- **WHAT IS EXPECTED**:
Keep every word of the listing and drop the images when you write it out.

- **MATERIAL PROVIDED**:
+ + + + +

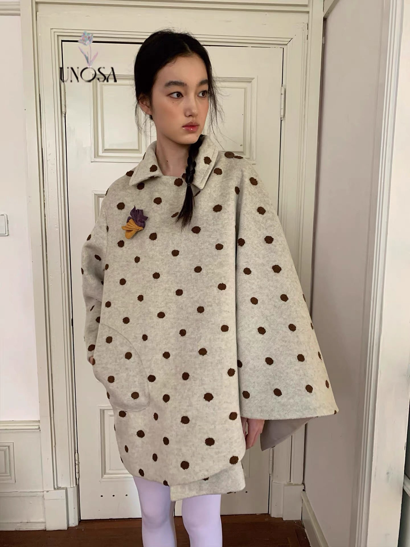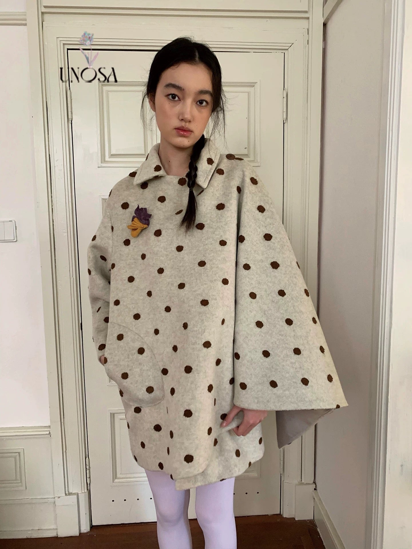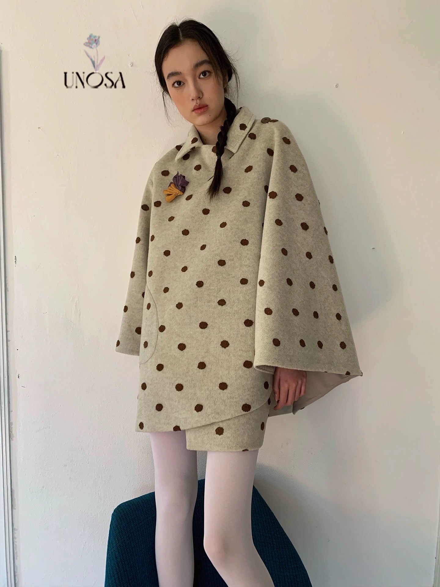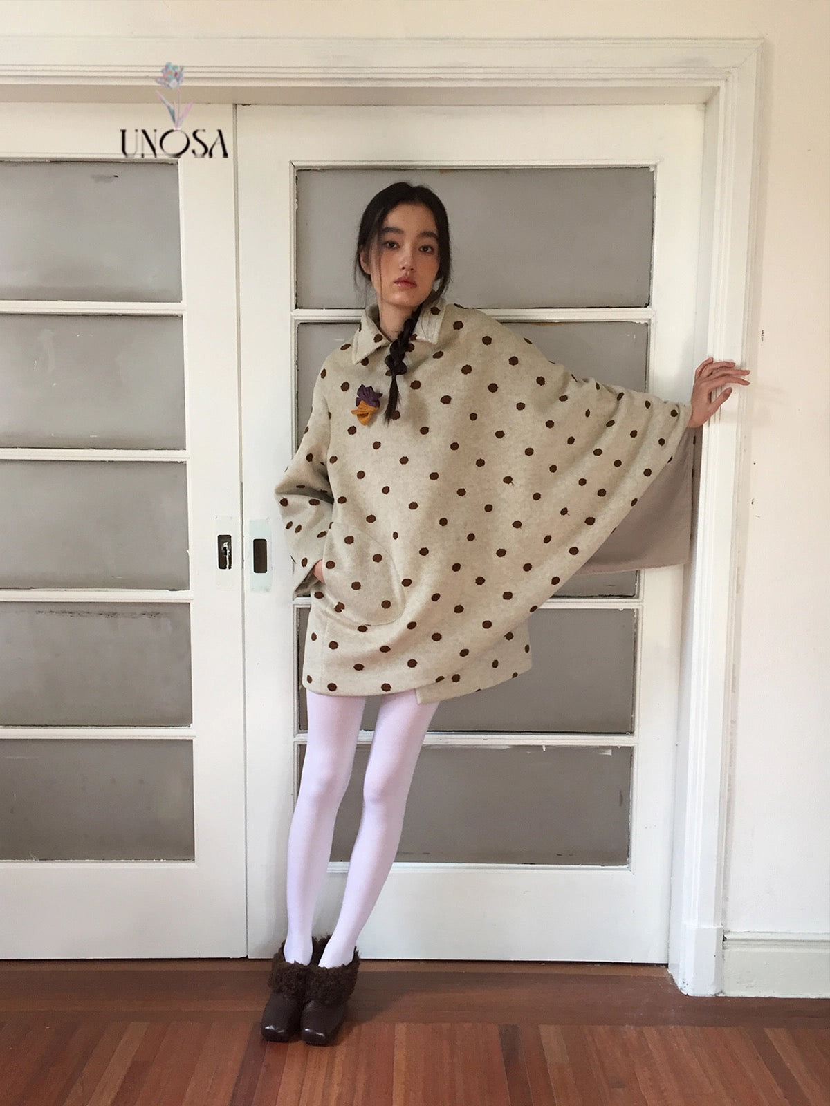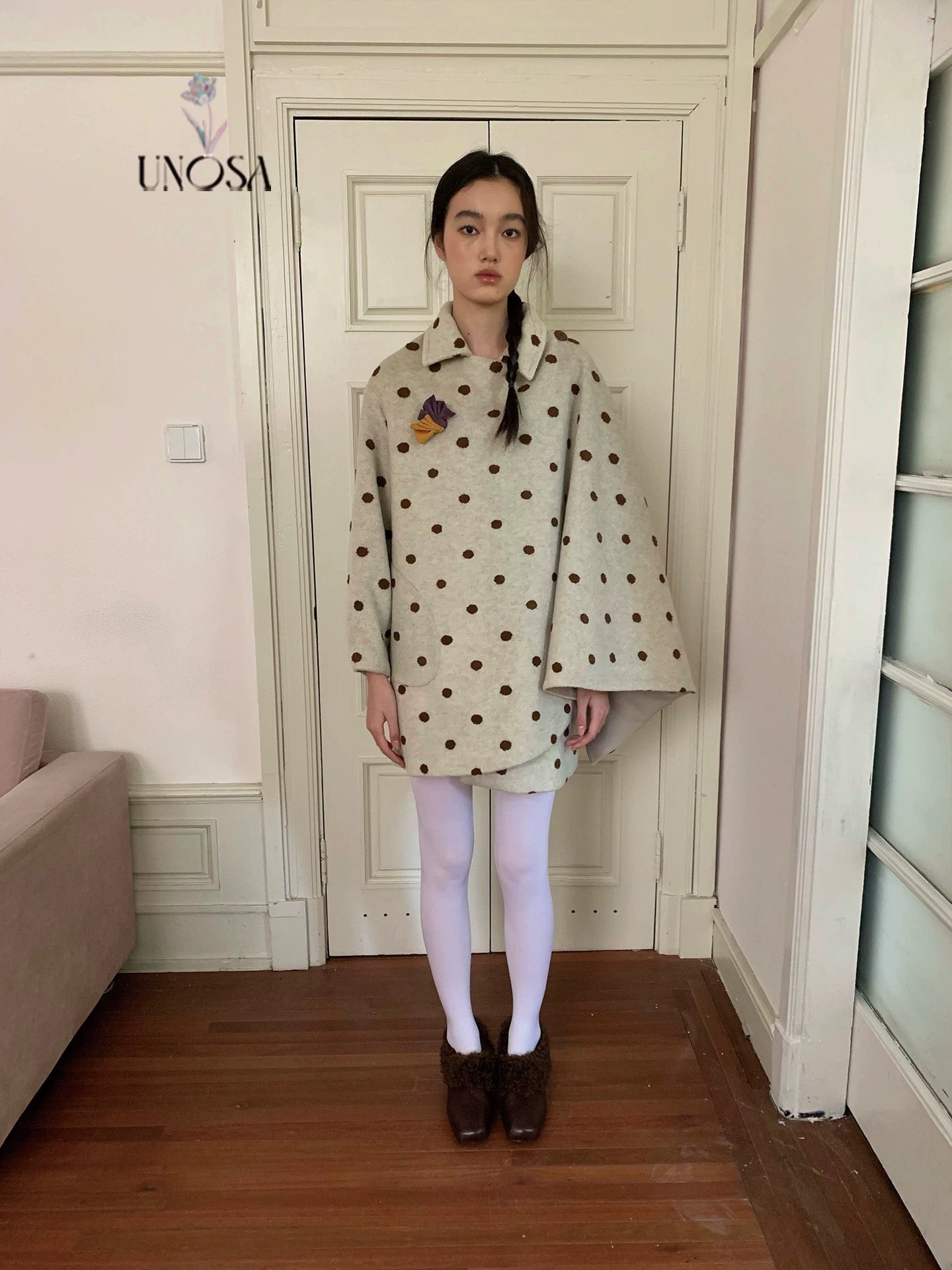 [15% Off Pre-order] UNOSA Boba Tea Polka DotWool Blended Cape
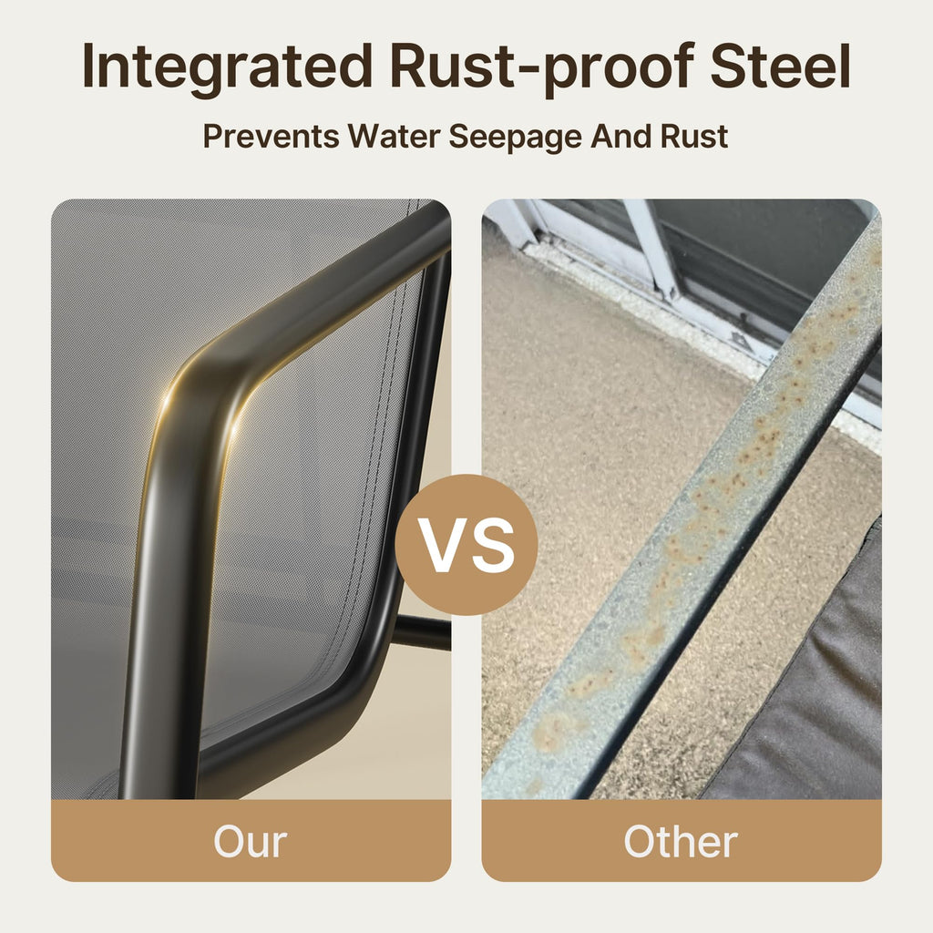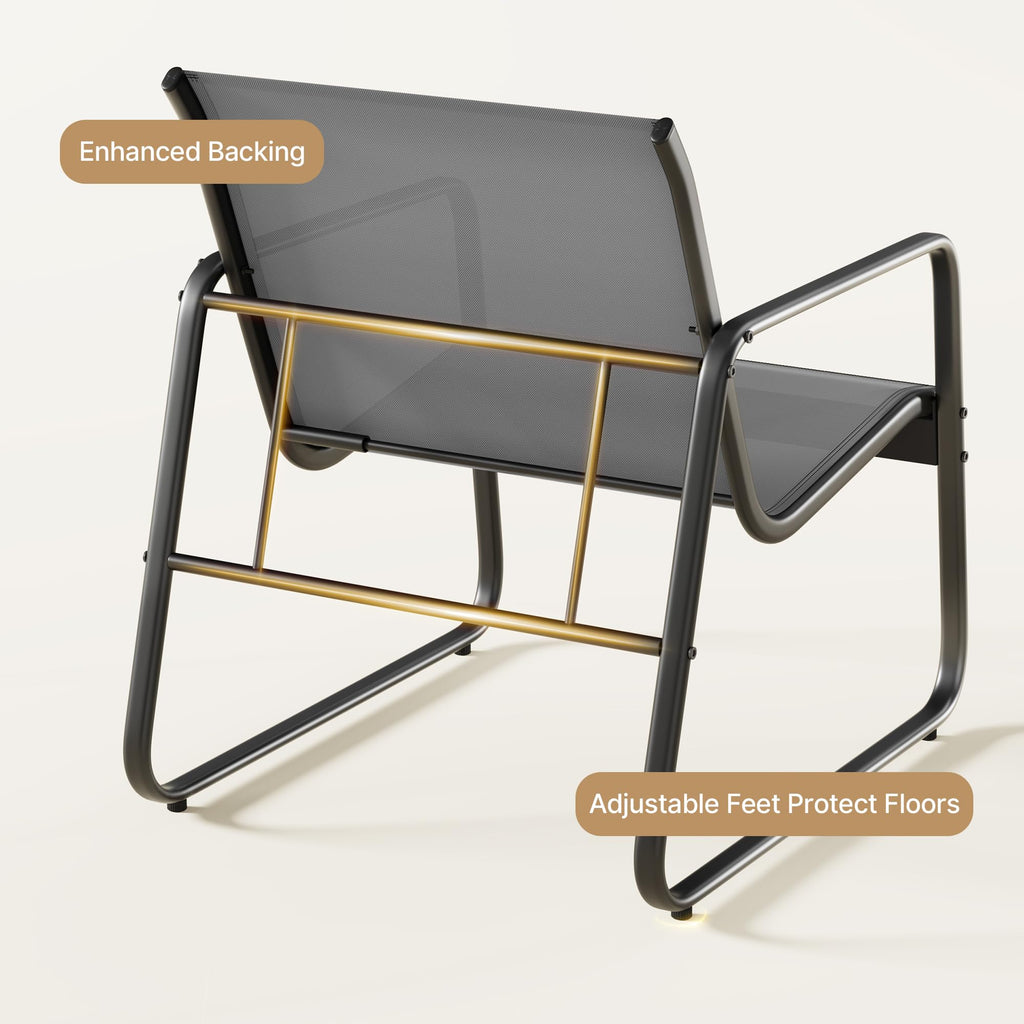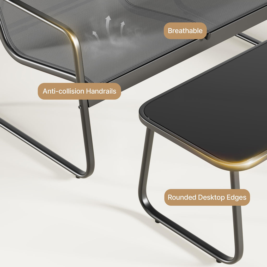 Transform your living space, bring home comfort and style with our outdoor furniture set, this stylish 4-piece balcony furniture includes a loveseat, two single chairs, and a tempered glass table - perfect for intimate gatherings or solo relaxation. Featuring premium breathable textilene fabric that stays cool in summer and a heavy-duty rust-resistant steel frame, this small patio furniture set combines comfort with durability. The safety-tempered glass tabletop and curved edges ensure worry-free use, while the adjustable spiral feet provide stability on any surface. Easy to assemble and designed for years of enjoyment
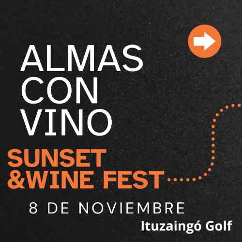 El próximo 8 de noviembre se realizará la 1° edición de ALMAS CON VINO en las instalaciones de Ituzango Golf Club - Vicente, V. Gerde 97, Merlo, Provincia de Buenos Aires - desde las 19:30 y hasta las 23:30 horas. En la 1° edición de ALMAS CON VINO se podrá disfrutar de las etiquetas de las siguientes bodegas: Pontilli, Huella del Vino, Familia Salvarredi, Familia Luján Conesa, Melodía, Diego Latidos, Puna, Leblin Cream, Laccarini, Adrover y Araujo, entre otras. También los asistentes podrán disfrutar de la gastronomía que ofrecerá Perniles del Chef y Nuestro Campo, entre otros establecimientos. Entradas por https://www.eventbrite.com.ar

+ + + + +

- **RESPONSE TO THIS TASK**:
 [15% Off Pre-order] UNOSA Boba Tea Polka DotWool Blended Cape
 Transform your living space, bring home comfort and style with our outdoor furniture set, this stylish 4-piece balcony furniture includes a loveseat, two single chairs, and a tempered glass table - perfect for intimate gatherings or solo relaxation. Featuring premium breathable textilene fabric that stays cool in summer and a heavy-duty rust-resistant steel frame, this small patio furniture set combines comfort with durability. The safety-tempered glass tabletop and curved edges ensure worry-free use, while the adjustable spiral feet provide stability on any surface. Easy to assemble and designed for years of enjoyment
 El próximo 8 de noviembre se realizará la 1° edición de ALMAS CON VINO en las instalaciones de Ituzango Golf Club - Vicente, V. Gerde 97, Merlo, Provincia de Buenos Aires - desde las 19:30 y hasta las 23:30 horas. En la 1° edición de ALMAS CON VINO se podrá disfrutar de las etiquetas de las siguientes bodegas: Pontilli, Huella del Vino, Familia Salvarredi, Familia Luján Conesa, Melodía, Diego Latidos, Puna, Leblin Cream, Laccarini, Adrover y Araujo, entre otras. También los asistentes podrán disfrutar de la gastronomía que ofrecerá Perniles del Chef y Nuestro Campo, entre otros establecimientos. Entradas por https://www.eventbrite.com.ar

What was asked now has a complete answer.